Even though it sounds scary and even undemocratic to have a random technologist embedded deep in the hierarchy making important distinctions, Pahlka argues that it’s necessary for the success of the actual intended outcomes decided upon by elected representatives. When no one can go ahead and make decisions about how a program should work, but lots of people have the power to add requirements to it—as is now the case—you get lots of paperwork and few good outcomes. Good product management can “reimagine representation and voice so as to honor the values our government is supposed to be founded on.”
To further improve things, Pahlka argues that the government should spend money improving its human resources, especially at the levels of program management/operating expenses. Oversight should ask less about whether a team stuck to a plan, and more about what the team learned in implementation and what user tests are showing now.

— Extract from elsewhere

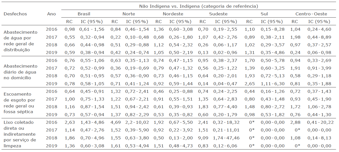 Os casos em que os modelos de RLM indicaram desvantagem significativas estatisticamente dos domicílios indígenas em relação aos não indígenas foram: em 2016, no Norte em relação a presença de lixo coletado por serviço de limpeza (RC = 4,69; IC(95 %) = 2,20-10,02); no Sul, em 2019, para a ocorrência de abastecimento diário de água no domicílio (RC = 2,65; IC(95 %) = 1,11-6,30); e no Centro-Oeste, em 2018, para escoamento de esgoto por rede geral ou fossa séptica (RC = 1,72; IC(95 %) = 1,06-2,78) (Tabela 4).

There are some things this book misses. Pahlka, who’s not a lawyer, doesn’t suggest that new laws should explicitly allow regulators to easily simplify and even eliminate earlier categories and rules. There are certainly reasons why we don’t do that. For example, lots of systems rely on past categories and rules and changing them could cause a cascade of incongruencies. But the accretion of legal complexity keeps making things worse. In my view, it would be a worthwhile exercise to try to write a law that actually allowed agile development of implementation policies—and then probably a painful exercise to see what happened when courts got their hands on it.

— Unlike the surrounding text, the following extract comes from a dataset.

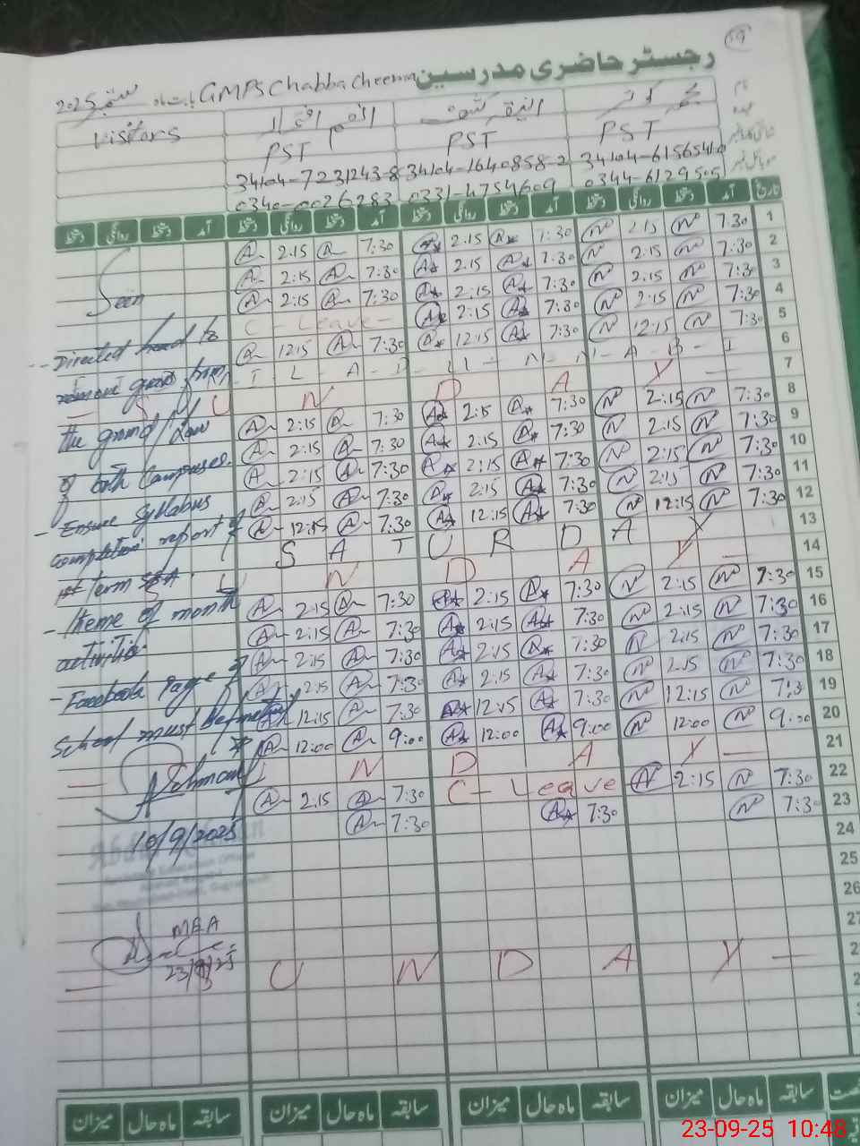 | Name: Na**** Ka**** Designation: (School Headmaster's/Headmistress's) PST Phone/Cell Number: 03**** |

Give people leeway to implement the intent of the overall policy, Pahlka suggests, and you can avoid the layers of bureaucracy that stymie well-intentioned attempts at reform. While there’s merit in the argument, she doesn’t give a lot of weight to the reasons that policymakers try to be comprehensive. Although the perfect shouldn’t be the enemy of the good, it’s also the case that if you get a policy running that works for 90% of people, the 10% excluded are likely to share some demographic characteristics, and historically the policy is unlikely to be revisited to fix it for them. That result is usually worse when it comes from government than when it comes in private software. But if the perfect is not to be the enemy of the good, then oversight that focuses on implementation success, and flexibility to keep working for that 10%, are the proper solutions.